Sender: owner-idr@merit.edu
Precedence: bulk

Specific comment:
Unless the rate of pacing is defined in absolute terms (as opposed to the a subjectively for e.g
yellow 4: reduce update message traffic by 40% of your normal rate). It will be very difficult to verify compliance.
Also in my experience, the "normal rate" varies drastically from vendor to vendor.
 
General comment:
 It appears to me that here is an attempt to solve an internal scheduling or horse power problem with the help of external protocol. 
This mechanism may put undue burden on the transmitting router, which is in the best interest of quick convergence in mind is sending prefixes as fast as possible. 
  "Abarbanel, Benjamin" <Benjamin.Abarbanel@Marconi.com> wrote: Hi all:

Our recent discussions on this list and my recent work 
experiences have led me to write this draft and offer it 
to the IETF community. I would appreciate any comments 
anyone has to make.

Thanks in advance,
Ben







Network Working Group Ben Abarbanel
Internet Draft Marconi Communicatons
Expiration Date: December 2002 



BGP Route Update Pacing

draft-abarbanel-bgp-route-update-pacing-00.txt


1. Status of this Memo

This document is an Internet-Draft and is in full conformance with
all provisions of Section 10 of RFC2026 except that the right to
produce derivative works is not granted.

Internet-Drafts are working documents of the Internet Engineering
Task Force (IETF), its areas, and its working groups. Note that
other groups may also distribute working documents as Internet-
Drafts.

Internet-Drafts are draft documents valid for a maximum of six months
and may be updated, replaced, or obsoleted by other documents at any
time. It is inappropriate to use Internet-Drafts as reference
material or to cite them other than as ``work in progress.''

The list of current Internet-Drafts can be accessed at
http://www.ietf.org/ietf/1id-abstracts.txt

The list of Internet-Draft Shadow Directories can be accessed at
http://www.ietf.org/shadow.html.


2. Abstract

This document defines a mechanism for controlling or limiting the rate at 
which BGP update messages are sent from one peer to the next when a BGP peer 
experiences internal congestion. With the introduction of new dynamic BGP 
protocol capabilities [CAP] message or other none BGP session destructive 
messages, it is necessary to limit the rate at which the BGP update messages 
are sent without affecting the entire BGP session and without relying on the 
transport (TCP) layer to do so as a normal reaction to data congestion of the 
TCP session across the network.

3. Specification of Requirements

The key words "MUST", "MUST NOT", "REQUIRED", "SHALL", "SHALL NOT", "SHOULD", 
"SHOULD NOT", "RECOMMENDED", "MAY", and "OPTIONAL" in this document are to be 
interpreted as described in RFC 2119 [RFC2119].

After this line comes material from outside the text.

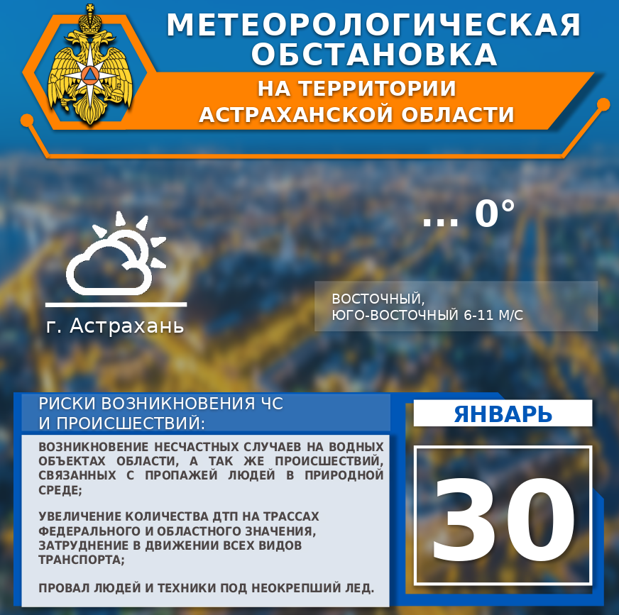 На территории области облачно с прояснениями. Без существенных осадков. Утром местами туман, гололед. Ветер восточный, юго-восточный 6-11 м/с. Температура воздуха около 0°. На дорогах гололедица. По г. Астрахань облачно с прояснениями. Без существенных осадков. Утром туман, гололед. Ветер восточный, юго-восточный 6-11 м/с. Температура воздуха около 0°. На дорогах гололедица.
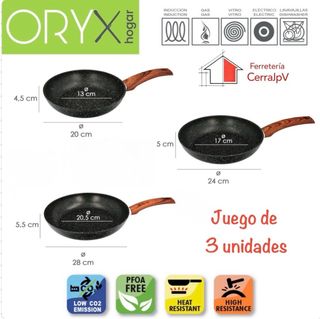 Juego de tres sartenes de aluminio antiadherente. - Diámetros: 20 cm, 24 cm y 28 cm. - Alturas: 4.5 cm, 5 cm y 5.5 cm. - Cuenta con 5 capas y un espesor de 4 mm. permitiendo que el calor se distribuya de forma rápida y homogéneamente. - Capa interior antiadherente, libre de PFOA. - Acabado marmolado en piedra tanto para el interior y el exterior, de gran resistencia a los arañazos y la abrasión. - Sartenes validas para todos los tipos de cocina (gas, eléctrico, vitro e inducción) - Mango engomado imitación a madera. Resistente al calor. Se mantiene frío al tacto para evitar quemaduras. - Se puede lavar en el lavavajillas

Internet Draft draft-abarbanel-bgp-route-update-pacing-00.txt [Page 2]



4. Introduction

This document defines a mechanism for controlling or limiting the rate at 
which BGP update messages are sent from one peer to the next when a BGP peer 
experiences internal congestion. With the introduction of new dynamic BGP 
protocol capabilities [CAP] message or other none BGP session destructive 
messages, it is necessary to limit the rate at which the BGP update messages 
are sent without affecting the entire BGP session and without relying on the 
transport (TCP) layer to do so as a normal reaction to data congestion of the 
TCP session across the network.

When a router enters a state where either its CPU utilization is maximized 
(reaches close to 100%) or its memory is nearly depleted (less than 10% of 
memory left), it cannot handle new or heavy streams of updates from its peers 
and at times unable to send messages to its peer in a timely manner (within 
30 seconds). As a consequence it cannot keep current with the topological 
state. In some scenarios, a non-congested peer might want to negotiate new 
capabilities with a congested peer. The congested peer is so degraded that 
its TCP session goes into significant flow control off conditions and is 
unable to see the new BGP messages. Peer to peer communication is severely 
hampered and as a result the uncongested peer will take corrective action 
when its hold timer expires and drops the session. The uncongested peer 
computes alternate routing paths that are suboptimal in distance or attribute 
and thus affect the forwarding decisions of all routers in this network. It 
is possible that the congested peer's routing (control) plane is badly 
degraded but its forwarding plane is at normal working level. The mistake is 
made by the uncongested peer since it does not see any Keepalive/Update 
messages before its Hold timer expires and drops the session thereby dropping 
all its associated routes. After routes are dropped, network instability 
occurs and suboptimal paths are used by the remaining peers.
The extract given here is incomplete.